All Ruby and Rails developers need to use Ruby gems for common work. It’s also a great practice for you to create your own Gems to separate functionality that you can reuse across your projects. You can publish your gems to the world using the RubyGems site which is the starting point for almost all gems!
However, you might also have gems that you do not want to publish to the world and have it in a private repository. You can still use Bundler but there are a couple of things to keep in mind. If you do a search, you will usually find examples for GitHub, so this is a quick post on what you need to do for BitBucket.
Basically, you need to add this to your Gemfile.
# Gemfile
gem "ruby_my_gem", git: HTTPS_URL
So, how do we get the HTTPS_URL? Grab the link that you would use to clone the gem. Let’s say it looked like this:
git clone https://the_user_name@bitbucket.org/the_org/ruby-my-gem.git
Of course, in this, these would be different for you:
- the_user_name: your user name (someone who has access to the repository)
- the_org: your organisation (the owner of the gem)
- my-gem.git: the actual Git repository
If you add this to your Gemfile as:
# Gemfile
gem "ruby_my_gem", git: "https://the_user_name@bitbucket.org/the_org/ruby-my-gem.git"
and then do bundle install
– you will probably get an authentication error if the repository is private.
For this, you need to use HTTP authentication by changing the URL to https://user:password@bitbucket.org/the_org/ruby-my-gem.git so that the user name and password are used. You can either use your own user name and password, or use it from cache, or as environment variables, etc.
So, next, you need your BitBucket login (or the login for any user that has access to the gem).
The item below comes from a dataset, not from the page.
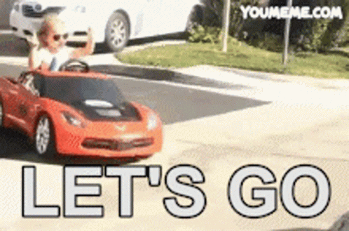 An excited child in sunglasses drives a red toy car, raising arms with 'LET'S GO' text overlay.
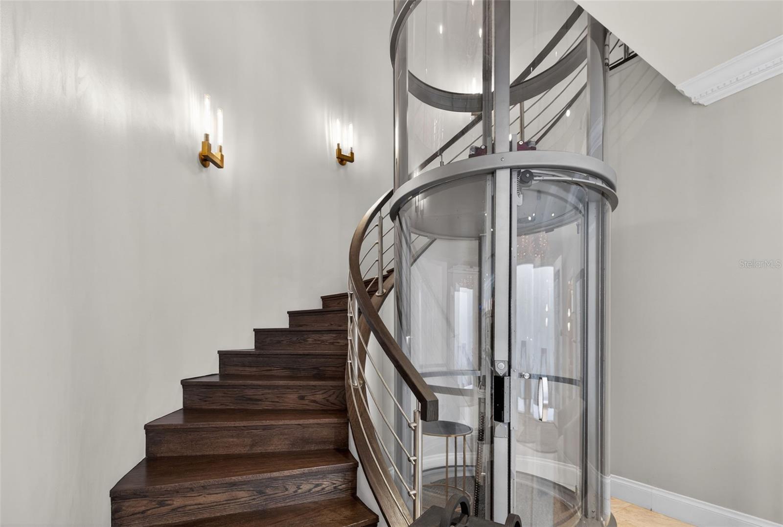 - Built-in Features, Ceiling Fans(s), Crown Molding, Eat-in Kitchen, Elevator, High Ceilings, Kitchen/Family Room Combo, Living Room/Dining Room Combo, Open Floorplan, PrimaryBedroom Upstairs, Smart Home, Solid Surface Counters, Solid Wood Cabinets, Stone Counters, Thermostat, Walk-In Closet(s), Window Treatments

Usually, this will be:
- an email address
- password
That would mean that you want the HTTPS_URL to be
https://user_email@example.org:password@bitbucket.org/the_org/ruby-my-gem.git
You’ll notice immediately that it looks odd that there are 2 @ symbols in the URL – so, that won’t work!
What we need to do is use URL Encoding/ percent encoding for special symbols. You can find the percent-encoding list on Wikipedia but keep in mind that you need to escape all the special characters. This needs to be done for both the user email and the password. Specifically, you will need to escape characters like the following:
- @ – %40
- . – %2E
- ! – %21
- : – %2A
- ; – %3B
- (space) – %20
The picture below is a snapshot from the Wikipedia page of the reserved characters.
The picture below is a snapshot from the Wikipedia page of the commonly used characters.
So, if you (for example) had:
- user_name: “user@example.org” —> “user%40example%2Eorg”
- password: “:password!” —> “%2Apassword%21”
This will then give you an HTTPS address as:
https://user%40example%2Eorg:%2Apassword%21@bitbucket.org/the_org/ruby-my-gem.git
Let’s drop this into the Gemfile!
# Gemfile
gem "ruby_my_gem", git: "https://user%40example%2Eorg:%2Apassword%21@bitbucket.org/the_org/ruby-my-gem.git"
After this, you can do bundle install
and it should work. Remember that you might need to do bundle exec ruby blah.rb
to be able to use the gem.
Using an API Token
Bitbucket/ Atlassian allows you to issue an API Token and the documentation says that you can use it for HTTP basic authentication. However, I could not get it to work from within Bundler. I tried:
- Using the email_address:api_token and seeing if it works
- Using just the api_token@bitbucket.org to see if that works
For now, I am not sure if this works the way it seems to work on GitHub.
As always, this is for me to be able to remember how to do it but if it helps someone, that’s great! Also, if you have some comments, please add below so that I can reflect changes here, especially if you know a better way to do this.